Double jeopardy – Withholding a bonus is not punishment

The judgment of the Labour Court in a review application by Solidarity obo K Oelofse v Armscor was delivered by Snyman AJ on 21 February 2018. This judgment reinforced the principles regarding double jeopardy and also affirmed that a discretionary bonus need not be awarded to an employee whose conduct was not in line with the employer's organisational values.

This matter arose from a disciplinary inquiry between Armscor and Oelofse relating to Oelofse's failure to declare gifts she received from suppliers as well as her unauthorised use of company resources. Oelofse was found guilty and a final written warning was recommended and issued by Armscor on 23 February 2015. 


Armscor has a Performance Management Practice in place that defines "Performance as an attainment of specific results/outputs through specific actions, while being consistent with Armscor values and objectives".

This policy is read together with a bonus policy that has the following requirements: 
  • employee to obtain an individual performance score of at least 90%; 
  • to be in the employ on the last day of the financial year to qualify for a bonus; 
  • to have been employed for more than six months; 
  • must not have been absent from work for a period longer than six months. 

The policy goes on to further make a disclaimer that: "Performance remuneration is an annual non-guaranteed, discretionary payment to employees based on the attainment of organisational, departmental, divisional/team and individual goals." 

The performance assessment for the period 2013/2014 came up and Oelofse obtained a performance rating of 107.7%, which was miles above the minimum qualifying criteria. Oelofse also met the other criteria. She therefore stood to receive a bonus of ZAR24 402. Armscor, however, refused to pay her the bonus. 

Oelofse lodged an unfair labour practice dispute with the CCMA. The arbitrator found that Armscor did not commit an unfair labour practice.
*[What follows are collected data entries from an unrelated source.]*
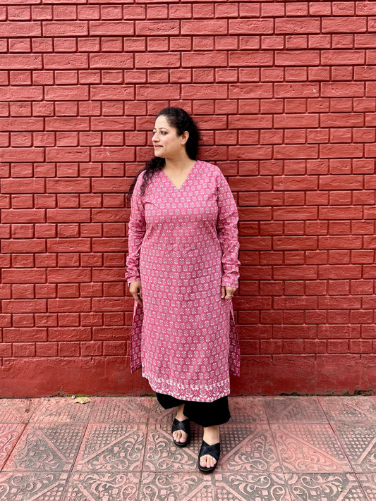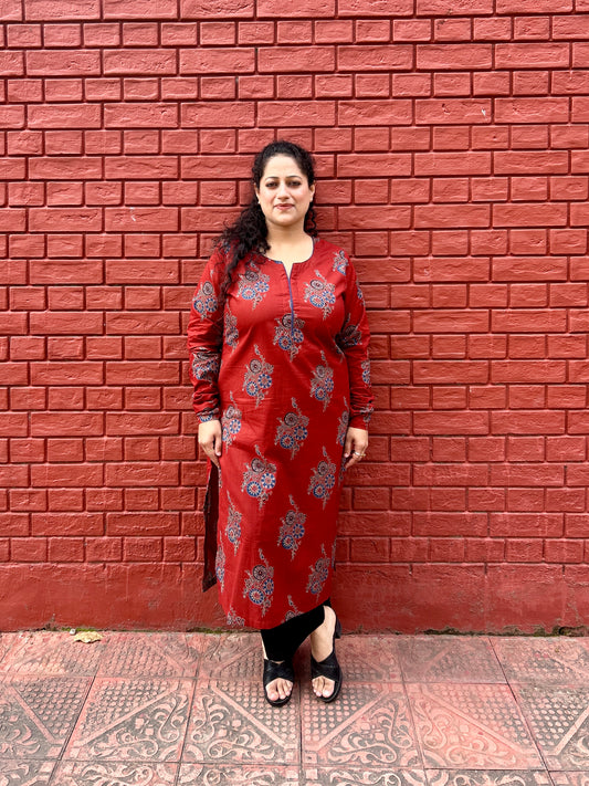 4.9 ★Maroon Paisley Handblock Cotton Kurti
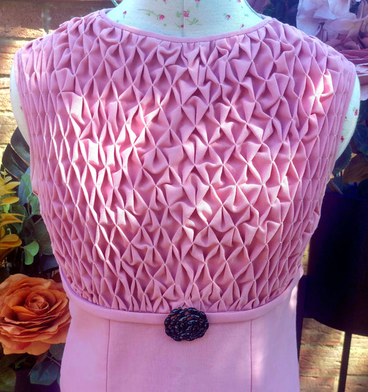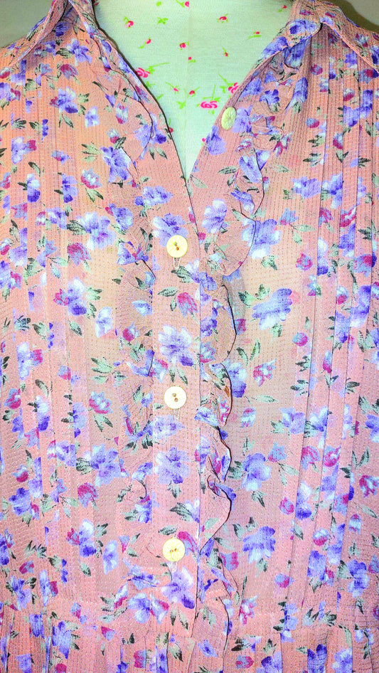 PINK SHEER DRESS WITH PURPLE FLOWERS, PLEATED AND BUTTON DESIGN
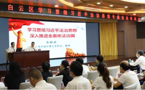 9月16日,白云区举办学习贯彻习近平法治思想专题法治培训会,邀请广东外语外贸大学党委副书记、校长石佑启作专题学习辅导报告。区委理论学习中心组成员参加区主会场学习。报告会以电视电话会议的形式开至各镇街。

It is that decision by the arbitrator that was the subject of the review application before Snyman AJ. 

In the review application Oelofse contended:
  • that the arbitrator misconstrued the evidence by failing to consider that the final written warning was a punishment on its own and that the refusal to pay her bonus was another punishment (the double jeopardy); 
  • that the arbitrator failed to properly consider the remuneration and performance policies because Armscor had no discretion to refuse to pay the performance bonus in circumstances where the qualifying criteria were met; 
  • inconsistent behaviour by Armscor in relation to paying out bonuses to employees who were found to have committed misconduct and referred to three other managers who were dismissed but still received their bonuses. 
The court held that there was no double jeopardy as Oelofse was not subjected to two separate disciplinary proceedings based on the same allegations. The inquiry into whether an employee is exceptional for purpose of a reward is not the same as an inquiry into misconduct. A performance bonus is an issue of the employee being rewarded for being exceptional. Refusal to pay a bonus was not punishment to Oelofse. Therefore, double jeopardy did not exist.

With regard to the inconsistency by Armscor, the court held that Oelofse failed to lead evidence to show the inconsistency by Armscor in dealing with employees who were found to have committed misconduct and paying bonus to those employees.

Regarding the discretion by Armscor not to pay a bonus, the court held that Armscor had discretion and that Armscor had to act fairly in exercising that discretion as fairness is the yardstick for unfair labour practice. 

Snyman AJ held that the overall wording of the policies contemplates that not only are the rewards and performance remuneration based on an individual employee performance but the broader organisational objectives and values. In rewarding an employee for overall individual performance, the employer has discretion to decide whether an employee has adhered to organisational objectives and values. 

Having regard to the above, the review was dismissed. 

Ultimately the wording of a bonus policy will have a fundamental impact on an employer's ability to withhold a discretionary bonus generally and specifically from an employee whose conduct is not in line with the organisational values.